La sangre del cordón umbilical y la sangre neonatal extraídas dentro de las 72 h después del
nacimiento son las más utilizadas para el examen de biomarcadores para la sepsis de aparición
temprana. La sangre del cordón tiene ventaja porque puede obtener una cantidad
relativamente grande inmediatamente después del parto. La desventaja es que algunos
biomarcadores de origen placentario pueden ser más altos que la sangre neonatal. La PCR, la
procalcitonina, la IL-6, la IL-8, la haptoglobina y la proteína relacionada con la haptoglobina en
la sangre del cordón umbilical se han estudiado ampliamente y se han usado en asociación con
índices hematológicos para predecir la sepsis neonatal de aparición temprana.

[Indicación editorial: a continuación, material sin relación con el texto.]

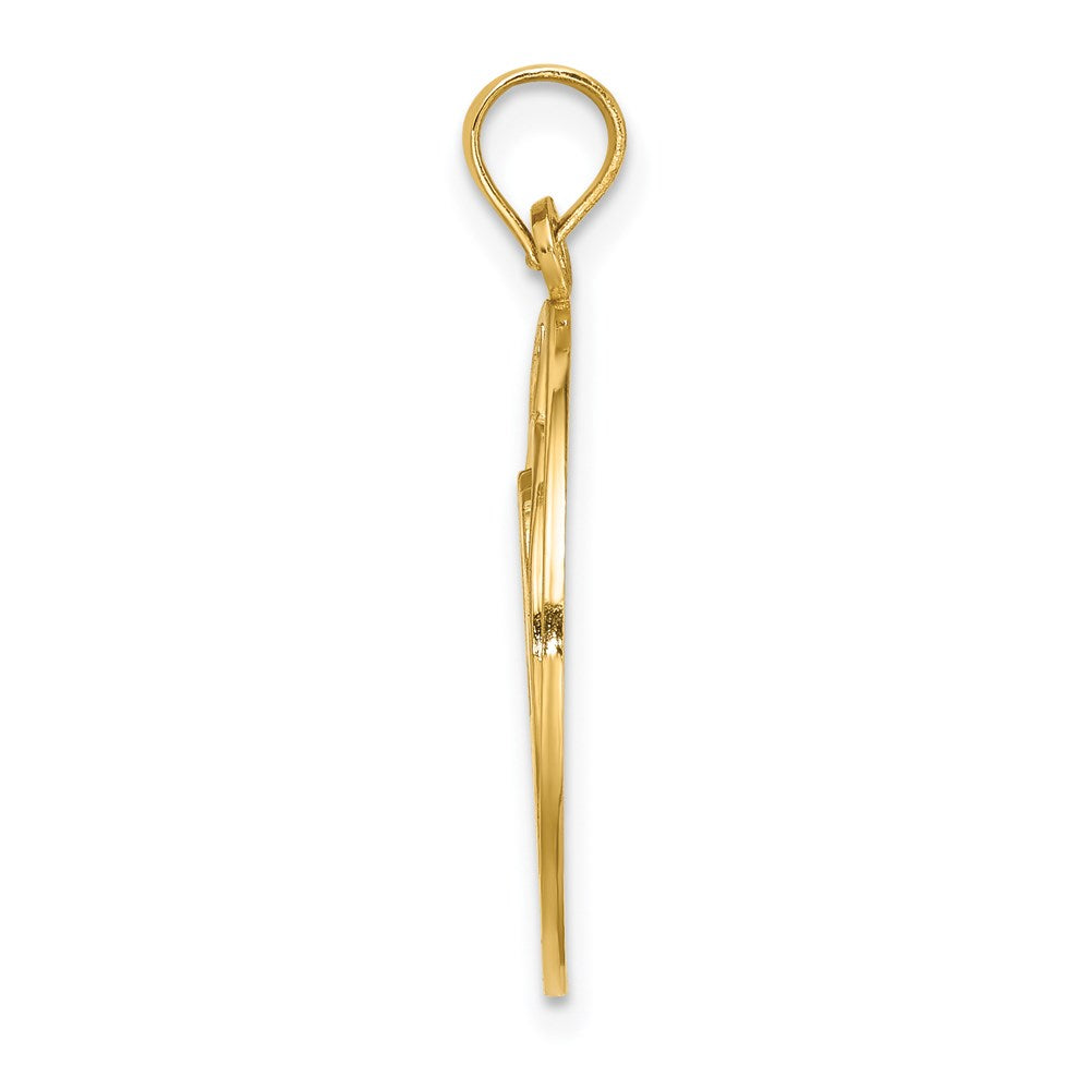 The '14k Yellow Gold ST. CROIX w/ Two Dolphins In Circle Charm' is a beautiful piece of jewelry made with high-quality, 14k yellow gold. With a weight of 1.5 grams, this charm has a polished finish and a length of 25.9 mm. The charm itself is 20.1 mm in length and width, with a thickness of 0.6 mm. The manufacturing process used to create this charm is casting. This product is sold individually and is designed to be used as a pendant or charm. The bail width is 5 mm, and the bail length is 7 mm. Its color is a classic, bright yellow gold that will stand the test of time. Its design features a circle with two dolphins, making it a perfect choice for those who love ocean-themed jewelry.

El manejo neonatal debe guiarse por la categoría clínica de fiebre aislada, sospecha de Triple I
o Triple I confirmada, edad gestacional al nacer y afecciones neonatales (Fig. 1, Algoritmo). La
comunicación entre los equipos obstétricos y neonatales es esencial para el tratamiento
neonatal adecuado. El manejo clínico es diferente para los recién nacidos prematuros a
término y tardíos en comparación con los recién nacidos prematuros con edad gestacional <34
semanas.
1. Cuando la fiebre materna es aislada, el tratamiento no es beneficioso para los recién nacidos
prematuros a término y de buena aparición según la evidencia actual
2. Cuando se sospecha de Triple I, la atención debe decidirse por las condiciones clínicas. La
mayoría de los recién nacidos a término y prematuros tardíos pueden observarse sin recibir
tratamiento con antibióticos si permanecen asintomáticos
3. Cuando se confirme Triple I, estos neonatos deben tratarse de acuerdo con las pautas
actuales
Todos los neonatos nacidos de mujeres con Triple I sospechosas o confirmadas que no reciben
tratamiento requieren observaciones cercanas.

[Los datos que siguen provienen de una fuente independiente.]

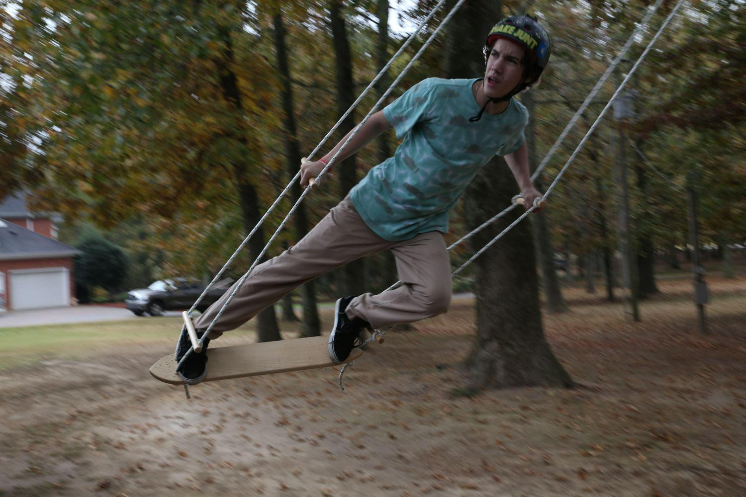 Air Surfer Classic; Solid Maple Wood; 40′ of 7/16″ red alert rope; Weight Limit: 250 lbs; Age Limit 5+; Item #: 38-SURF

1. Cuando hay fiebre materna aislada, se pueden observar recién nacidos prematuros con
buena apariencia con edad gestacional <34 semanas si los datos de laboratorio no son
favorables a la sepsis, pero esta recomendación no se basa en la evidencia
2. Cuando se sospecha o confirma Triple I, los recién nacidos con edad gestacional <34
semanas deben recibir tratamiento con antibióticos tan pronto como se realicen los cultivos.

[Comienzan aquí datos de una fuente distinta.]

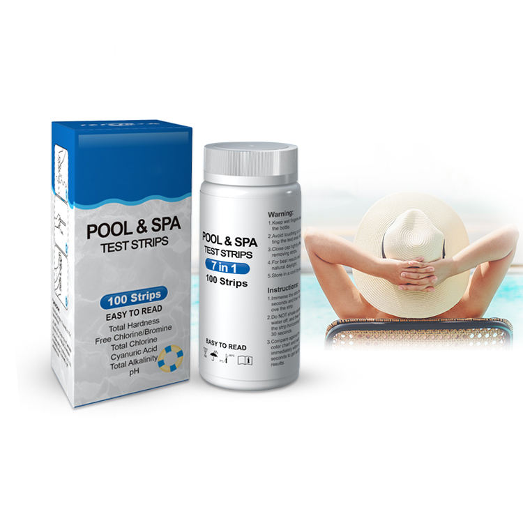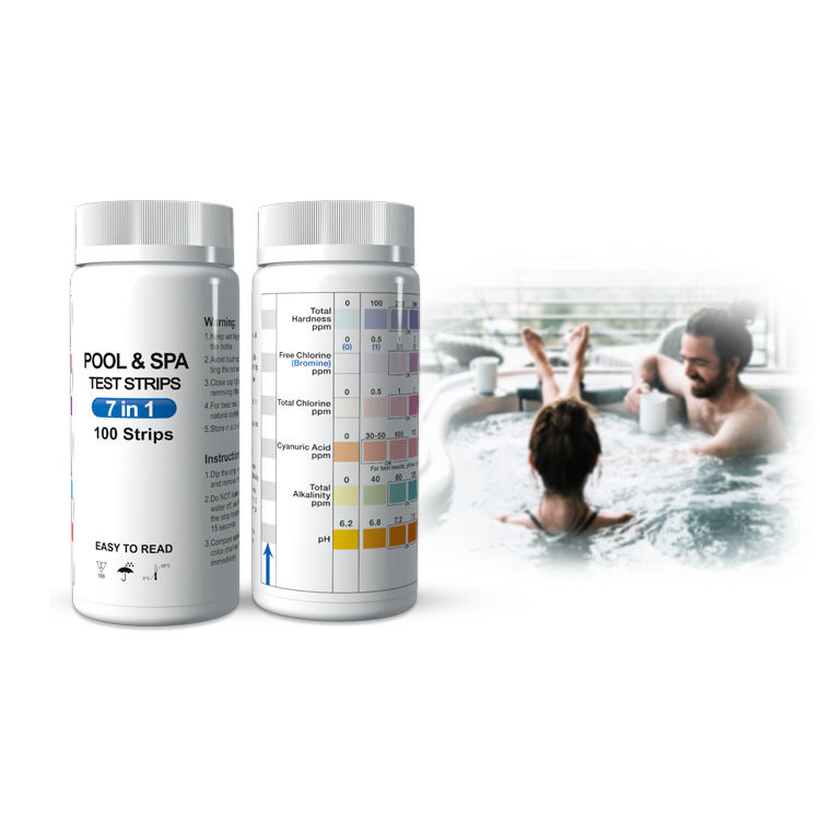 Kit de prueba para piscinas: cloro, 7 pruebas, tiras reactivas para agua de piscinas y spas.Nombre del Producto

3. Cuanto más prematuro sea, más probabilidades habrá de que los neonatos prematuros sean
sintomáticos y no deban ser tratados como "bien parecidos".
En la mayoría de los recién nacidos con buena apariencia, no hay evidencia de que el
tratamiento con antibióticos deba continuarse más de 48 h cuando los hemocultivos son
negativos. Sin embargo, existe preocupación sobre la validez de los hemocultivos en los recién
nacidos cuando su madre recibió antibióticos de amplio espectro antes del parto. Es una razón
común por la que los recién nacidos reciben tratamiento con antibióticos durante más de 5
días. Desarrollar criterios de diagnóstico más rigurosos puede identificar mejor a las mujeres y
sus recién nacidos con más probabilidades de beneficiarse del tratamiento con antibióticos y
reducir la exposición innecesaria a los antibióticos.